Back.
Thanks to the help of yellows8, Normmatt, smea, and plutooo I finally managed to get it working. Basically the first issue was getting the cache invalidation to work properly every time a new block of code was pushed to the recompilation caches, and once that was done I got stuck on another issue which I initially thought was some weird cache issue, but ended up being a stack overflow (thanks to yellows8 for finding that one, I probably would never have guessed it would be a stack overflow...). Long story short, I relocated the stack with some more space and it's alive and breathing.
There is one slight downfall, and it's the cache invalidation.

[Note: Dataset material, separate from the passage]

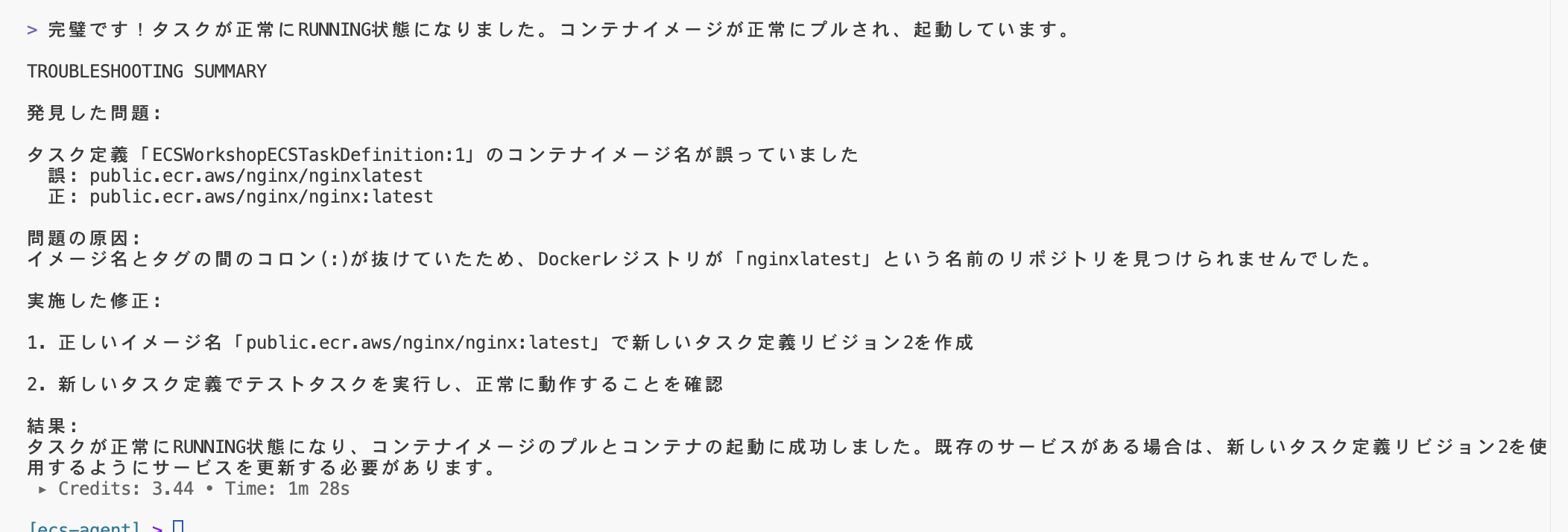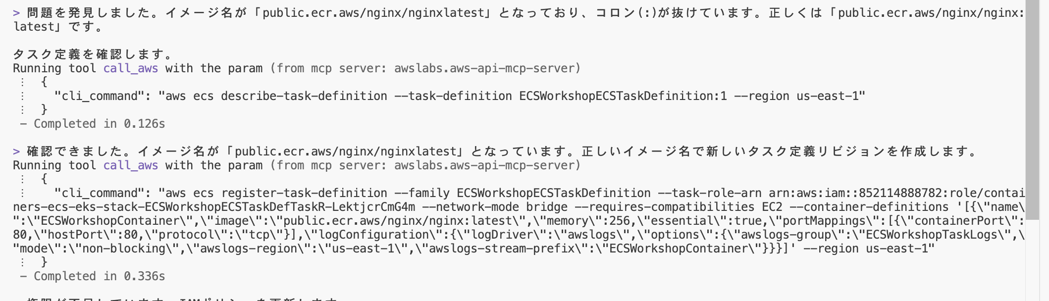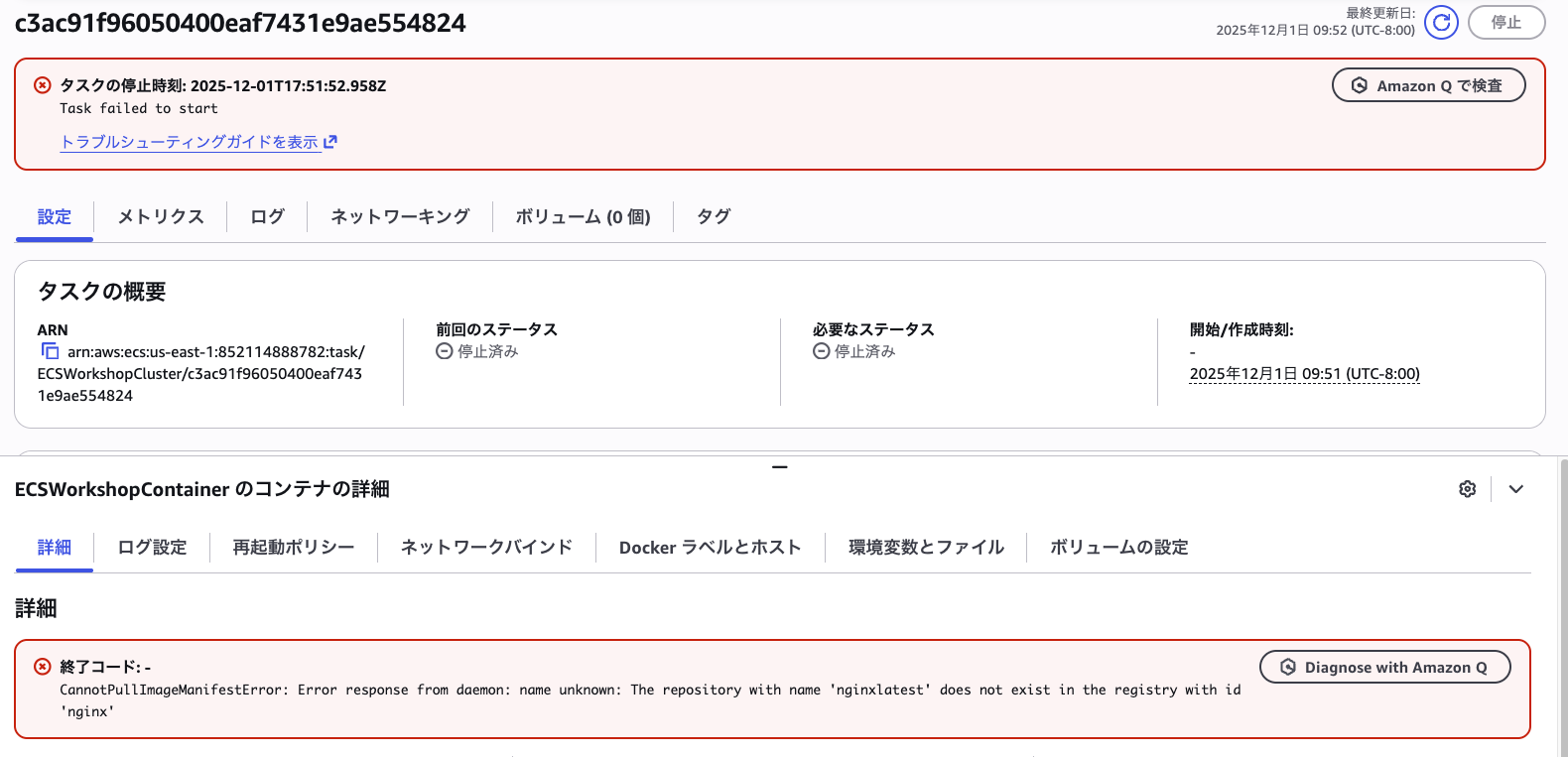 イメージ名が「public.ecr.aws/nginx/nginxlatest」となっており、コロン(:)が抜けている。正しくは「public.ecr.aws/nginx/nginx:latest」。タスク定義を確認後、修正もそのままやってくれています。

Currently due to the nature of how gpsp does it's stuff, the blocks are generated pretty much JIT, so after each block another block is generated. The problem is that every time I write to the recompilation cache, I have to invalidate the entire instruction cache (which is a lot). And with games that are rather large, this is a bit of an issue invalidating the cache takes a bit of time, and since large games often branch and go around quite a bit, this can equate to a metric crapton of lag.
The other issue now is rendering, rendering is becoming a bottleneck in some situations due to the use of the CPU rendering in order to flip the frame buffer the right way up. So I'll probably be implementing GPU rendering soon as well in order to minimize the lag generated here.

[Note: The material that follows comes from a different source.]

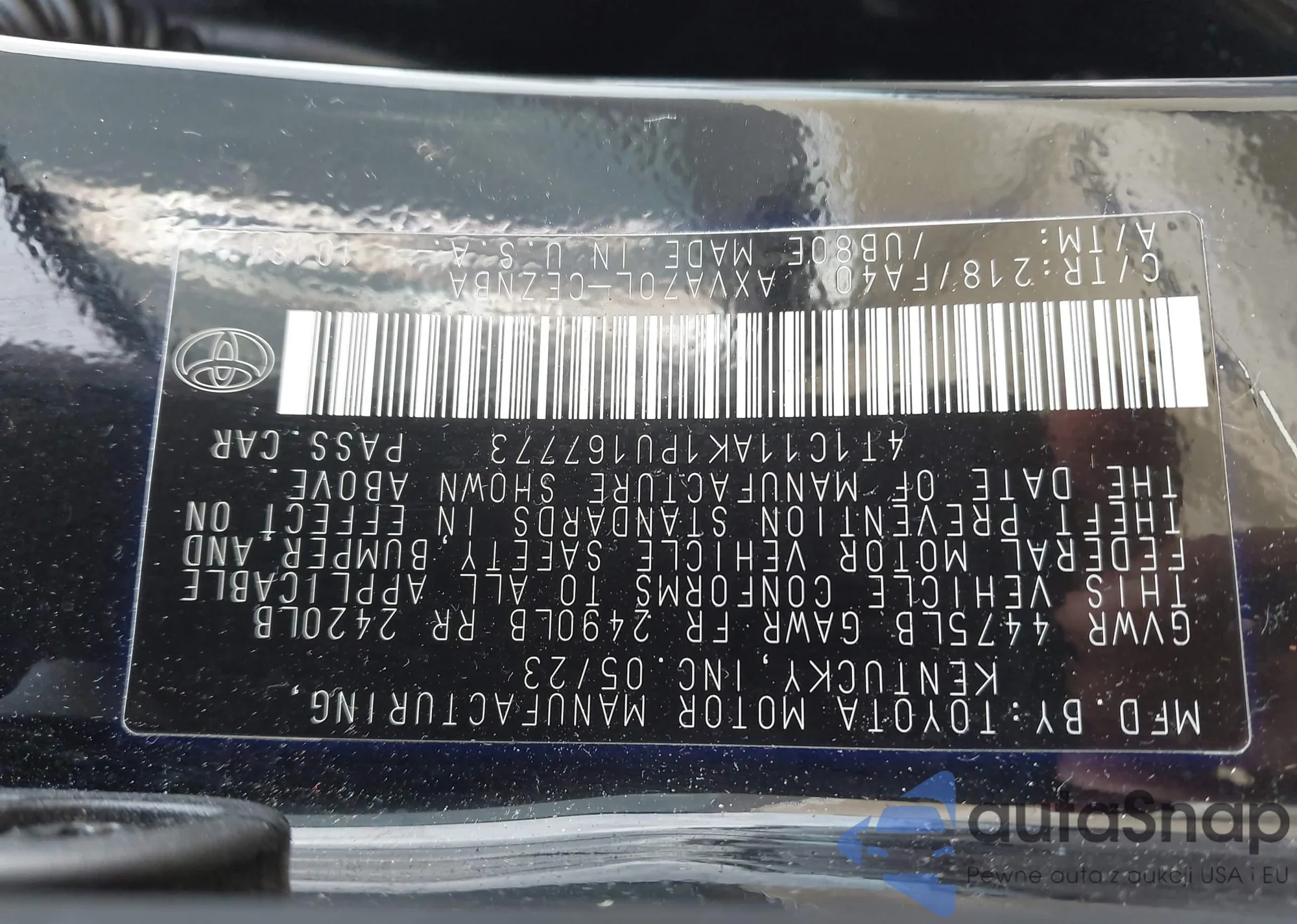 LOT: 43636675 VIN: 4T1C11AK1PU167773

So basically at this point, some games run extremely well, some run absolutely horrible (worse than the interpreter), and a lot of optimizations are needed both on my end as well as maybe on ninjhax's end to allow the invalidation of specific blocks of the cache vs the entire thing. The good thing though is that we have the dynrec going fairly well at this point, which is good.
EDIT: Updated .3dsx is in the main post for those who want to try it. Don't get your hopes up too high for speed though, it's a big WIP at the moment even with the dynrec in place. Also, exiting with the X button isn't in place yet.
EDIT 2: Holy crap, just fixed a thing and now Fire Red is running much faster than the interpreter (still not 100%, probably closer to 60% or 70%, it's hard to tell without sound). Apparently I was invalidating the cache even when I didn't write anything new to the translation cache. Huge performance increases, although video is still lagging it down.